The iperf tests now averages 7 mbits/s.

Does this sound normal or should i invest some time trying to tweak the Mikrotik settings to see if i get better connection speeds? I use VNC to work on this server and at this speed it is painful to do most tasks and i need the GUI.

Thank you
 
holvoetn
Forum Guru
Forum Guru
Posts: 5322
Joined: Tue Apr 13, 2021 2:14 am
Location: Belgium

Re: VPN using L2TP speed

Sat May 06, 2023 8:06 pm

Probably normal.
The encryption protocol adds overhead to the traffic being send so the useful load becomes a lot less.

Can go up to 56% for l2tp and that's more or less what you are seeing.

Try wireguard. Less overhead.
 
axotik
Frequent Visitor
Frequent Visitor
Topic Author
Posts: 51
Joined: Sun May 09, 2021 12:25 am

Re: VPN using L2TP speed

Mon May 08, 2023 5:38 am

Thank you for the clarification @holvoetn
 
Tzafar790
just joined
Posts: 2
Joined: Mon May 08, 2023 2:25 pm
Contact:

Re: VPN using L2TP speed

Mon May 08, 2023 2:32 pm

I am using iperf in linux to test the speed between 2 remote locations (remote as in the Atlantic ocean in between).
Location 1 (linux server behind a Mikrotik CRS109-8G-1S-2HnD connected with Ethernet @ 1gbps) WAN speed connection 200Mbps up and down.
Location 2 (linux client on 1gbps ethernet) WAN speed 800Mbps up and down.

Test 1: When i run the test with iperf straight between the client and server, i get 17 mbits/s average.

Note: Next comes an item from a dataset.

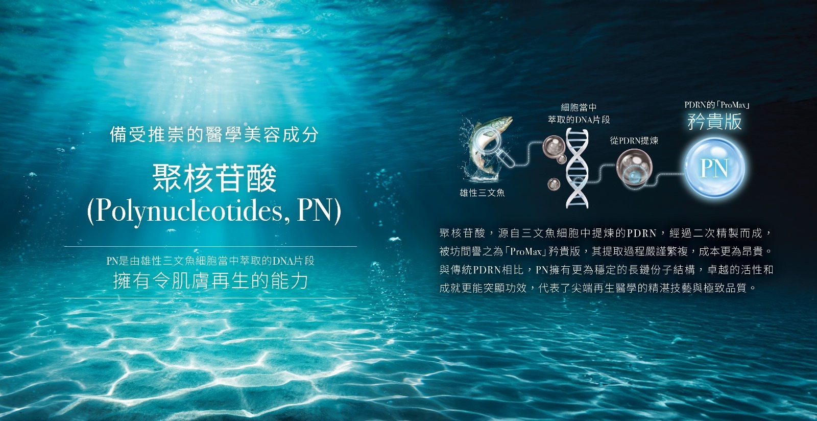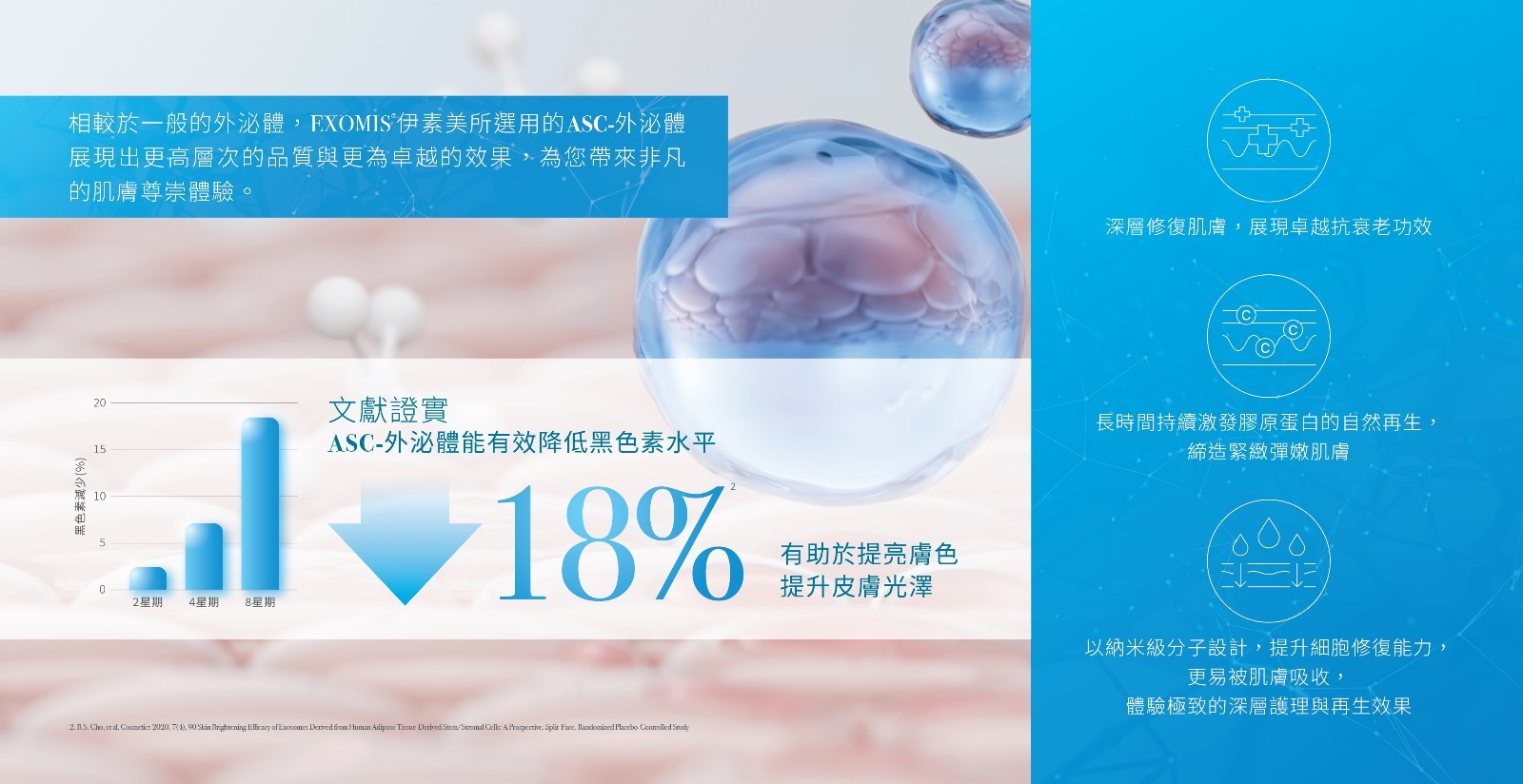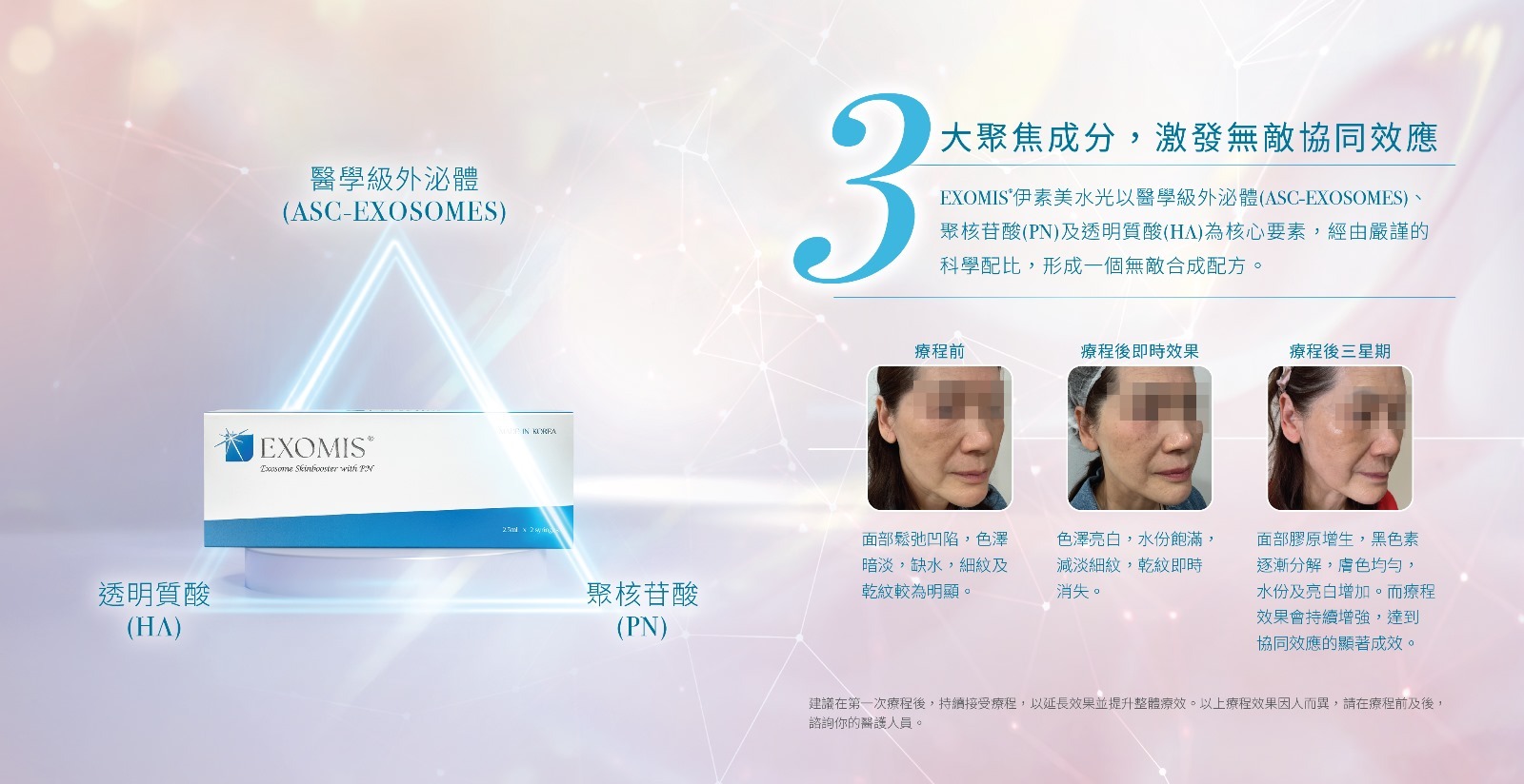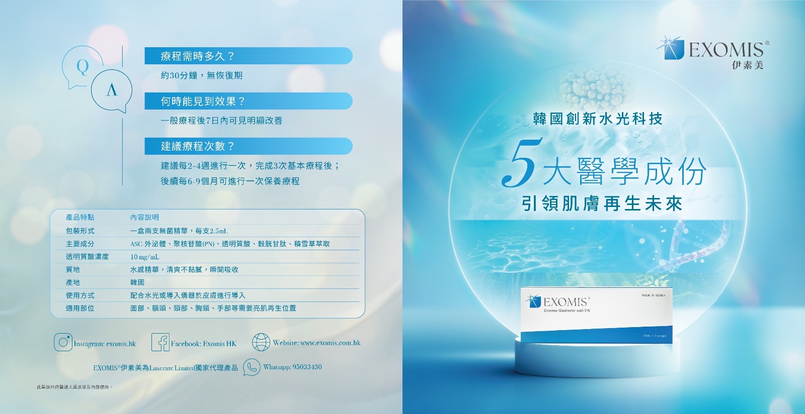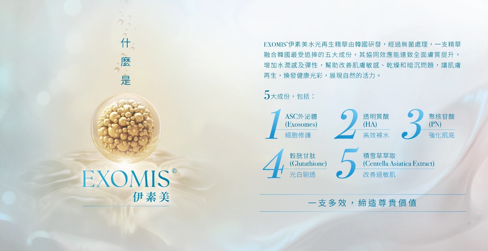 由韓國研發,經過無菌處理,每支蘊含高濃度醫學級ASC外泌體、聚核苷酸(PN)、透明質酸、穀胱甘肽及積雪草萃取。成分相互協同作用,能幫助強化肌底結構、激活膠原蛋白生成、紓緩泛紅敏感,同時為肌膚注入深層水份,展現剔透光澤。適合乾燥、暗啞、鬆弛、泛紅或有細紋的肌膚,能於短時間內帶來改善,並透過療程持續保養,維持年輕狀態。

Test 2: The Mikrotik at location 1 is configured with a VPN using L2TP. I connect to the VPN from a linux Mint client using the L2TP software client and the preshared key in network options.
Once connected to the VPN i can reach the server with a local class C IP.
The iperf tests now averages 7 mbits/s.

Does this sound normal or should i invest some time trying to tweak the Mikrotik settings to see if i get better connection speeds? I use VNC to work on this server and at this speed it is painful to do most tasks and i need the GUI.

Thank you

The results of Test 1 and Test 2 are quite low compared to the available WAN speeds at both locations. It's possible that the Mikrotik VPN configuration is adding overhead and reducing the available bandwidth, resulting in slower speeds. It may be worth trying to tweak the Mikrotik settings and experiment with different VPN configurations to see if better connection speeds can be achieved. Additionally, it may be worth considering alternative solutions such as using a different VPN protocol or exploring other methods of remote access that may provide better performance.
Last edited by Tzafar790 on Mon May 08, 2023 2:34 pm, edited 1 time in total.
 
axotik
Frequent Visitor
Frequent Visitor
Topic Author
Posts: 51
Joined: Sun May 09, 2021 12:25 am

Re: VPN using L2TP speed

Tue May 16, 2023 3:42 pm

Thank you guys.
I would like to try using wireguard now.
I found the instructions to set it up and since i am using the 6.47.6 firmware, Wireguard does not pop in the add interface list menu nor is listed in the packages to download.
I guess i need to upgrade the router to OS 7?
I am all good with the idea, but if anything goes wrong with the upgrade, i have no way to reset the router from across the ocean. Does the upgrade usually goes without glitches from 6 to 7 or better not to experiment?
Is there another way to get the wireguard package?
 
holvoetn
Forum Guru
Forum Guru
Posts: 5322
Joined: Tue Apr 13, 2021 2:14 am
Location: Belgium

Re: VPN using L2TP speed

Tue May 16, 2023 3:56 pm

Could be a problem... but most proably not.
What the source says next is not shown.